Using the values of LAGDISTANCE=7 and MAXLAGS=10 computed previously, rerun PROC VARIOGRAM without the NOVARIOGRAM option in order to compute the empirical semivariogram. You specify the CL option in the COMPUTE statement to calculate the 95% confidence limits for the classical semivariance. The section COMPUTE Statement describes how to use the ALPHA= option to specify a different confidence level.

Also, you can request a robust version of the semivariance with the ROBUST option in the COMPUTE statement. PROC VARIOGRAM produces a plot that shows both the classical and the robust empirical semivariograms. See the details of the PLOTS option to specify different instances of plots of the empirical semivariogram. The following statements implement the preceding requests:

proc variogram data=thick outv=outv; compute lagd=7 maxlag=10 cl robust; coordinates xc=East yc=North; var Thick; run;

Figure 102.6 displays the PROC VARIOGRAM output empirical semivariogram table for the preceding statements. The table displays a total of eleven lag classes, even though you specified MAXLAGS=10. The VARIOGRAM procedure always includes a zero lag class in the computations in addition to the MAXLAGS classes you request with the MAXLAGS= option. Hence, semivariance is actually computed at MAXLAGS+1 lag classes; see the section Distance Classification for more details.

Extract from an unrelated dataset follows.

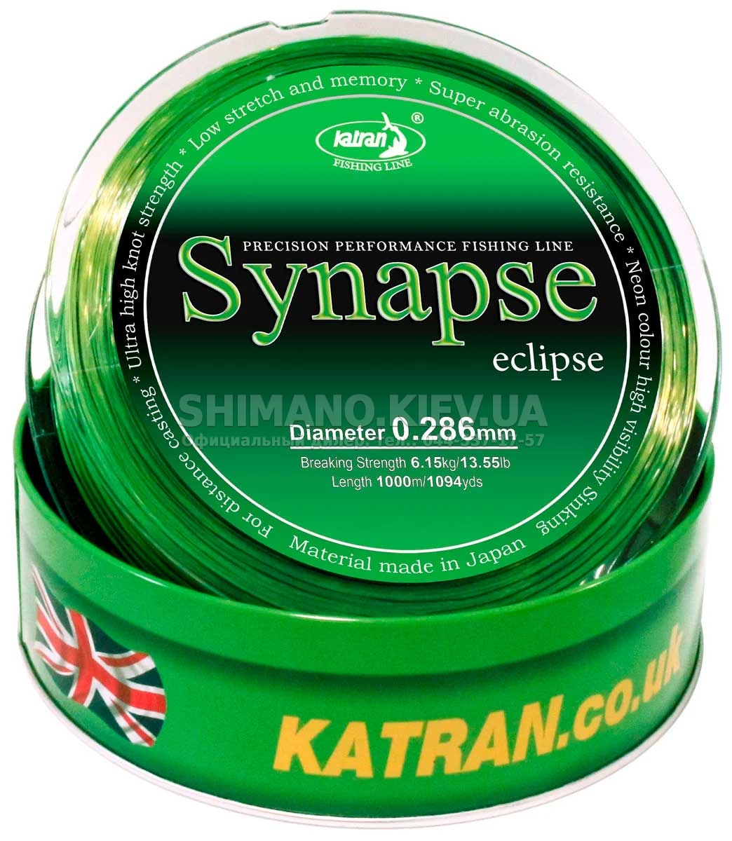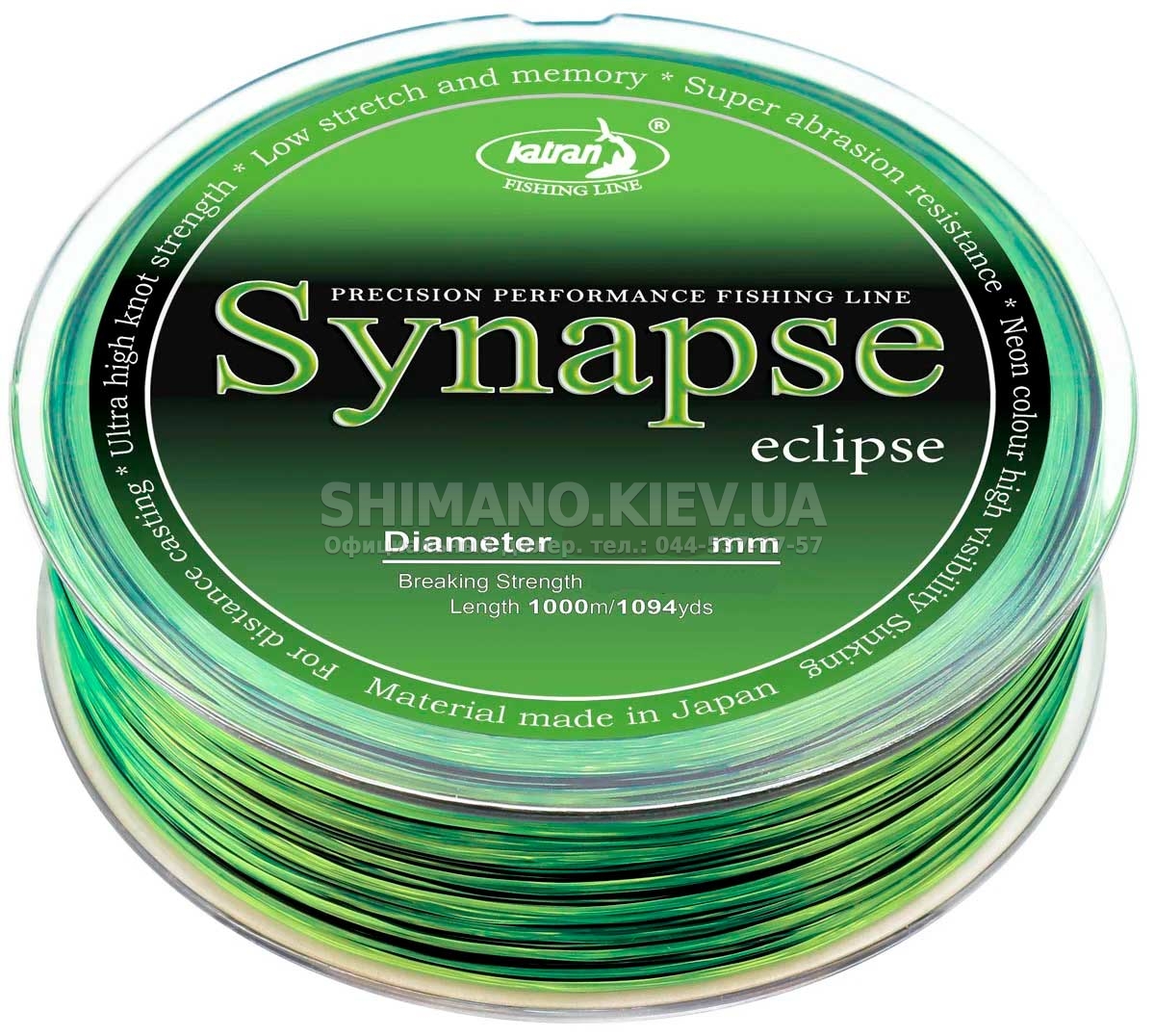 Волосінь Katran Synapse Eclipse Line розроблялася для лову коропа протягом всієї доби.Виробник поставив собі завдання створити універсальну флуоресцентну сополімерну тонку жилку. Особливі світло відбивні пігменти дозволяють зручно контролювати її у штучному освітленні. У виробництві застосовується та ж технологія, що й для виробництва Synapse Neon, завдяки чому було досягнуто абсолютно нового рівня інновацій. Забарвлення волосіні виконане чергуванням 2-х метрових відрізків неонового кольору відрізками чорного кольору довжиною 0.5 м. Завдяки цьому вона добре маскується на різних типах дна. Волосінь Katran Synapse Eclipse Line також ефективна в сонячні дні, ідеальна для використання в чистій воді, коли дуже важливо, щоб снасть була якнайменш помітною для риби.

Figure 102.6: Output Table for the Empirical Semivariogram Analysis

Spatial Correlation Analysis with PROC VARIOGRAM |

The VARIOGRAM Procedure

Dependent Variable: Thick

Empirical Semivariogram | |||||||
---|---|---|---|---|---|---|---|

Lag Class |
Pair Count |
Average Distance |
Semivariance | ||||

Robust | Classical | Standard Error |
95% Confidence Limits | ||||

0 | 7 | 2.64 | 0.028 | 0.034 | 0.018 | 0 | 0.069 |

1 | 82 | 7.29 | 0.210 | 0.394 | 0.061 | 0.273 | 0.514 |

2 | 138 | 14.16 | 1.008 | 1.179 | 0.142 | 0.901 | 1.458 |

3 | 169 | 21.08 | 3.018 | 2.799 | 0.304 | 2.202 | 3.396 |

4 | 205 | 27.93 | 4.811 | 4.602 | 0.455 | 3.711 | 5.493 |

5 | 213 | 35.17 | 5.990 | 5.928 | 0.574 | 4.802 | 7.054 |

6 | 214 | 42.20 | 8.104 | 7.518 | 0.727 | 6.094 | 8.943 |

7 | 250 | 48.78 | 7.533 | 7.221 | 0.646 | 5.955 | 8.487 |

8 | 247 | 56.16 | 8.066 | 7.195 | 0.647 | 5.926 | 8.464 |

9 | 281 | 62.89 | 8.279 | 6.845 | 0.577 | 5.713 | 7.976 |

10 | 250 | 69.93 | 8.144 | 6.358 | 0.569 | 5.243 | 7.472 |

Figure 102.7 shows both the classical and robust empirical semivariograms. In addition, the plot features the approximate 95% confidence
limits for the classical semivariance. The figure exhibits a typical behavior of the computed semivariance uncertainty, where
in general the variance increases with distance from the origin at `Distance`

=0.

Figure 102.7: Classical and Robust Empirical Semivariograms for Coal Seam Thickness Data

The needle plot in the lower part of the Figure 102.7 provides the number of pairs that were used in the computation of the empirical semivariance for each lag class shown. In
general, this is a pairwise distribution that is different from the distribution depicted in Figure 102.4. First, the number of pairs shown in the needle plot depends on the particular criteria you specify in the COMPUTE statement of PROC VARIOGRAM. Second, the distances shown for each lag on the `Distance`

axis are not the midpoints of the lag classes as in the pairwise distances plot, but rather the average distance from the
origin `Distance`

=0 of all pairs in a given lag class.